MUSCAT, SEPT 4 – The wholly government-owned Salalah Methanol Company (SMC), which signed agreements last month for the addition of an ammonia plant to its world-scale methanol scheme in Dhofar Governorate, says it will weigh opportunities for developing projects further downstream of its current investments in the Salalah Free Zone.
Among the options that hold particular promise are investments in fertiliser and urea projects utilizing part of the liquid ammonia output set to begin flowing from the expanded Salalah Methanol scheme by late 2020, a high level official said.
Downstream value addition that harnesses the ammonia output of the expanded project is an integral part of SMC’s long-term objectives, said Awadh al Shanfari, Chief Executive Officer.
“This is actually our dream; As part of our planning for the future, we hope to see further downstream activities, perhaps in fertiliser production. We hope one day we have enough feedstock of gas to see either urea, DAP (diammonium phosphate) or other fertiliser in production.”
The official was speaking to the Observer soon after participating in ceremonies marking the financial close for the Salalah ammonia project on August 28. SMC, a wholly-owned subsidiary of Oman Oil Company’s Takamul vertical, successfully secured a 12-year $728 million recourse project finance facility from a mix of international, regional and local financial institutions. The facility will be used to refinance SMC’s existing debt, while the remaining $443 million to be allocated to the development of the ammonia plant.
Underscoring the competitiveness of the ammonia project, hydrogen-rich purge gas which is a byproduct of SMC’s methanol production, will be combined with nitrogen gas from the atmosphere to produce ammonia. Plant capacity is sized at around 1,000 metric tonnes per day of anhydrous liquid ammonia, which is presently destined for export under an offtake agreement concluded with Oman Trading International (OTI), a subsidiary of Oman Oil Company.
Besides being used as an ingredient in the production of fertilizers, ammonia is also an important intermediate chemical in the manufacture of synthetic resins (urea based), synthetic fibres (acrylics and nylons, and polyurethanes, among other applications. According to Al Shanfari, international engineering and construction giant SNC-Lavalin is currently mobilising ahead of the start of its contract to execute the ammonia project on an Engineering, Procurement and Construction (EPC) basis later this year.

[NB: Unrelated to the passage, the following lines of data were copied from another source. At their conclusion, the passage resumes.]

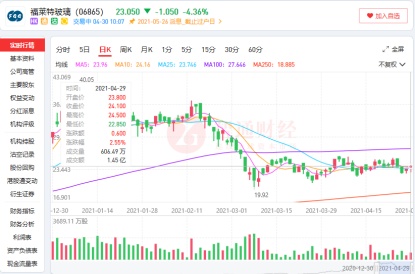 智通财经APP了解到,福莱特玻璃不仅业绩延续高增长,而且在二级市场也颇得投资者青眼。4月29日收盘,福莱特玻璃A股涨幅高达9.25%,收报28.35元/股,成交额达10.05亿元。港股股价亦实现增长,收报24.1港元/股,涨幅达2.55%,成交额为1.45亿元。
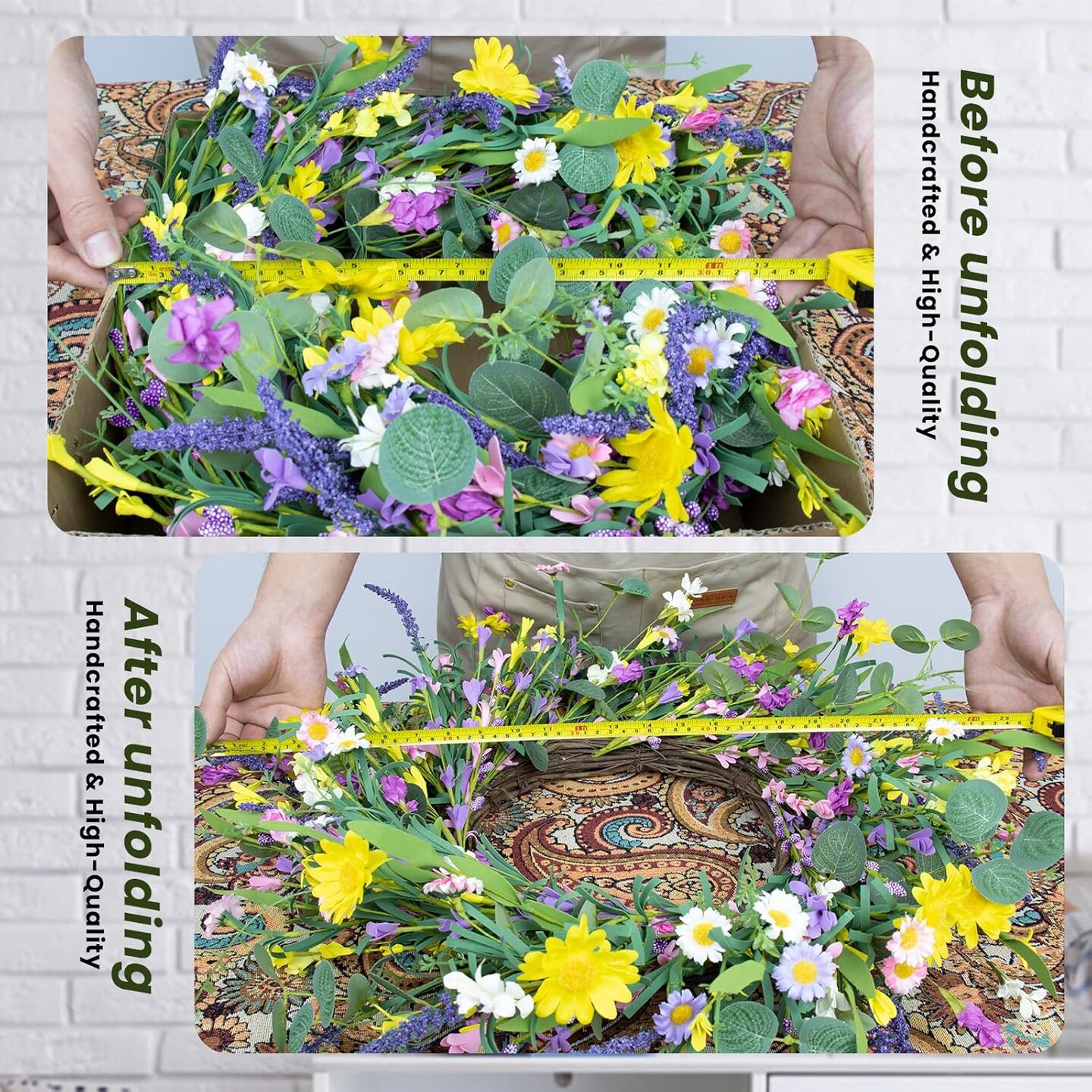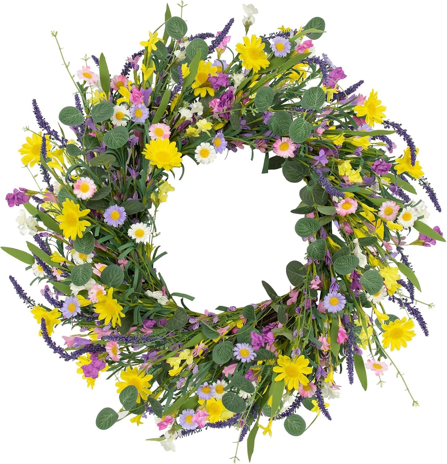 Spring Wreath 22" Spring Wreaths for Front Door Artificial Summer Wreath with Eucalyptus Leaf Lavender Daisy for Indoor Outdoor Home Decor Festival Celebrations
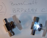 BRPX14X C UPC# 026613142326. NEVER USED, SCRATCHED UP A BIT, INCLUDES ALL FITTINGS, SOLD WITHOUT MANUFACTURERS PACKAGING. THIS SET OF TWO (2) MATCHING BRPX14X C VALVES HAVE A 1/2" NOMINAL BARB INLET X 3/8" OD COMPRESSION OUTLET MULTI TURN STRAIGHT VALVE. THIS VALVE IS DESIGNED TO CONTROL WATER FLOW TO HOUSEHOLD PLUMBING FIXTURES LIKE FAUCETS, TOILETS, DISHWASHERS, ICEMAKERS AND WASHING MACHINE. THE STRAIGHT VALVE IS MOST OFTEN USED WHERE THE WATER PIPE ENTERS THE ROOM FROM THE FLOOR. WITH A FEW TURNS OF THE VALVE HANDLE, YOU ARE ABLE TO STOP THE FLOW OF WATER LEADING TO THE PLUMBING FIXTURE, ALLOWING FOR MAINTENANCE AND REPAIR WITHOUT TURNING OFF WATER TO THE ENTIRE HOME. YOU WILL RECEIVE THIS SET OF TWO (2) BRASSCRAFT VALVES SHIPPED BY USPS.....

“We are now in the detailed engineering stage, and we hope to break ground on the project in November,” the CEO said.
Commenting on the employment generation potential of the project, Al Shanfari said the new investment will help create around 50 direct jobs, while contribute to a multi-fold increase in indirect jobs.
Asked about the potential for biofuel production based on SMC’s product streams, the CEO added: “We are not thinking about it in Oman at the present moment, but we hope it will cross our minds in the future.”